Sanatsal anlatım ve uygulamalarda, belli zaman dilimleri içinde görülen düşünce, üslup ve yorum birliktelikleri sanat akımlarını doğurmuştur. 20 y.y. da görülen sanat akımlarının tümü “Modern Sanat Akımları” olarak adlandırılmaktadır. Sanat akımlarını birbirlerinden ayırabilmek ve tanıyabilmek için, ortaya çıktığı döneme özgü siyasal, kültürel ve sosyal yapıyı, ekonomik özellikleri ve o sanat akımının felsefesini bilmek gerekir. Pop Art 1955-1965 yılları arasında Amerika ve İngiltere’ de aynı anda başlamış, kaynağını özellikle popüler imgelerde ve kitle iletişim araçlarına özgü nesnelerde bulmuş bir sanat akımıdır. II. Dünya savaşından sonra ekonominin canlanması ve tüketim toplumunun yaratılmasıyla, Amerikan ideolojisinin (Sovyet Rusya karşısında) tüm dünyaya yayılmasında Pop-Art’ ın etkisi olmuştur.

Anahtar Kelimeler:   Medya, Kültür, Değişim, Hazır-eşya, Pop

ABSTRACT

It can be sad that various art trends are created  by common ideas or  cooperations  on forms being realised  among artistic descriptions  and  technics through  a certain period of time.  The ideologies and economic of that period or the philosophy  of the trend should be known  to be able to recognize and to distinquish those art trends.
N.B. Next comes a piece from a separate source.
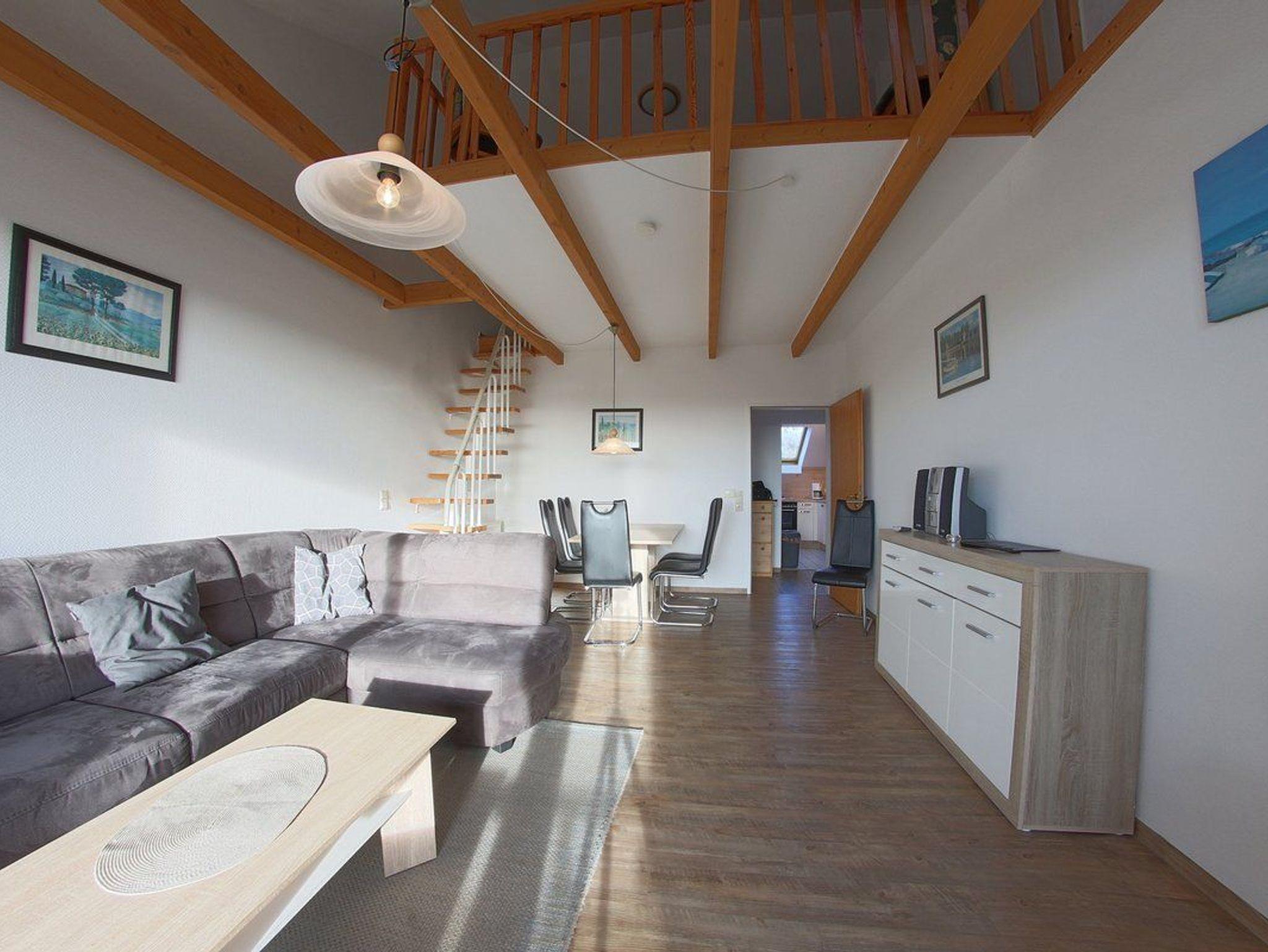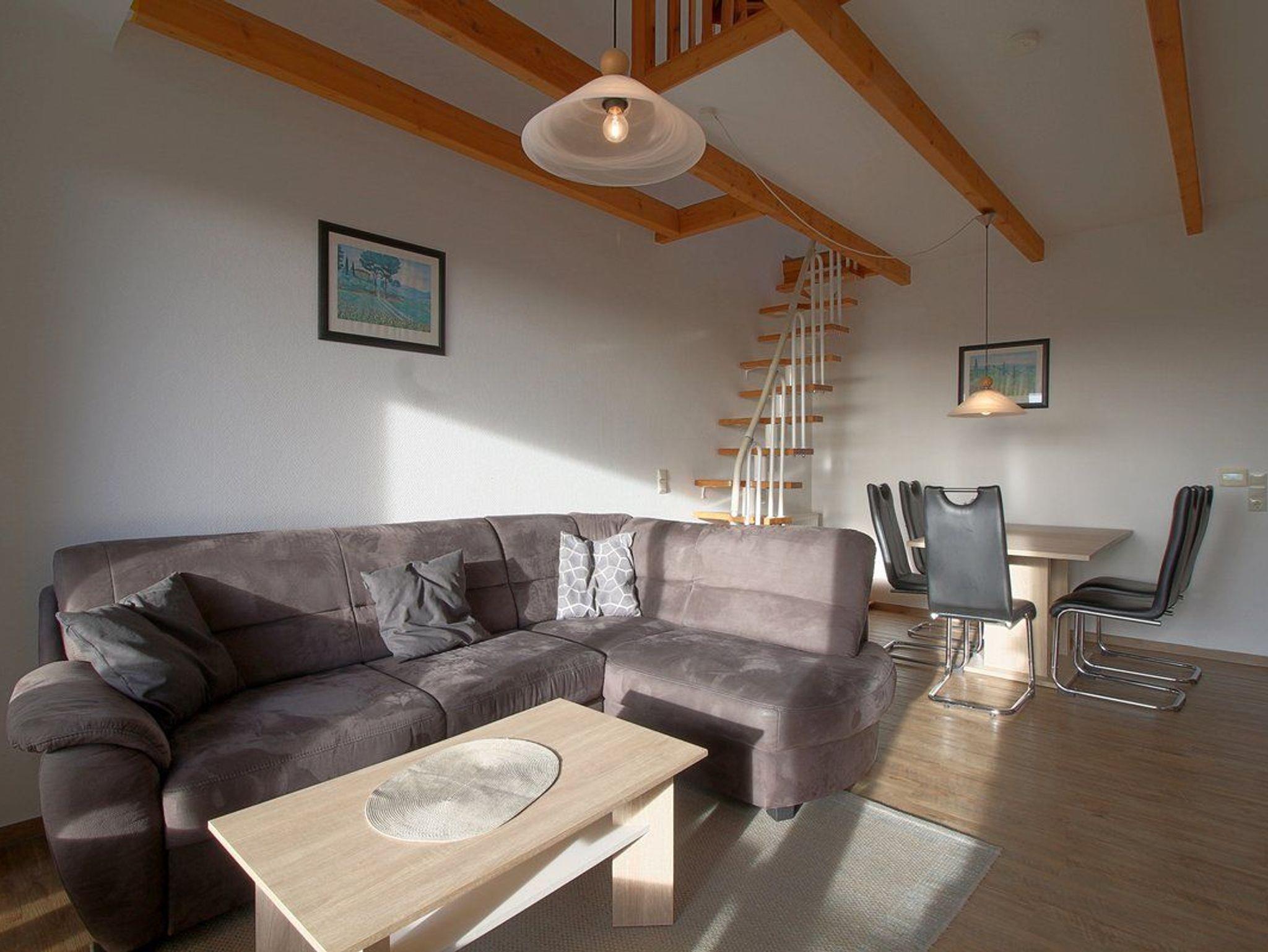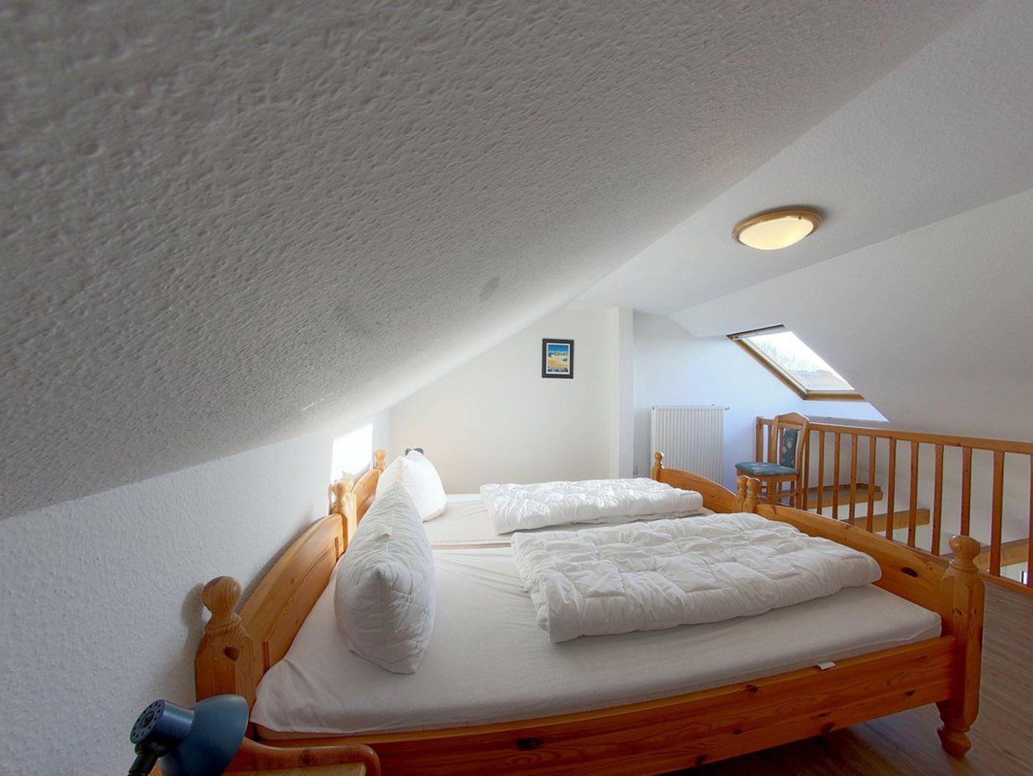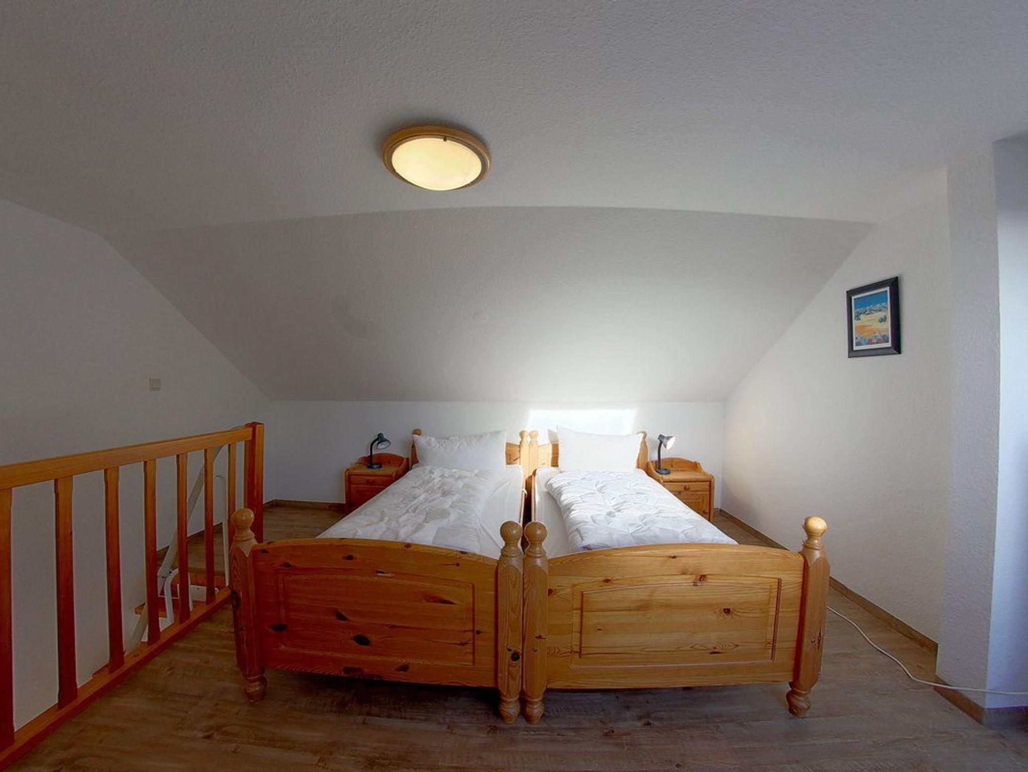 • Ein Schlafzimmer mit Doppelbett, ein weiterer offener Schlafbereich mit zwei Einzelbetten. Zusätzlich könnte eine fünfte Person auf der Schlafcouch im Wohnzimmer schlafen.

Pop-Art is one of them which came  into  light in U.S. and U.K. between the years  of 1955-1965. The trend  has used popular objects and especially  mass media as its  resources.

Pop-Art had important  influences on  American İdeology to be spread out after Second World War  that was followed by rapid economical  changes and creation of a community as cosumers.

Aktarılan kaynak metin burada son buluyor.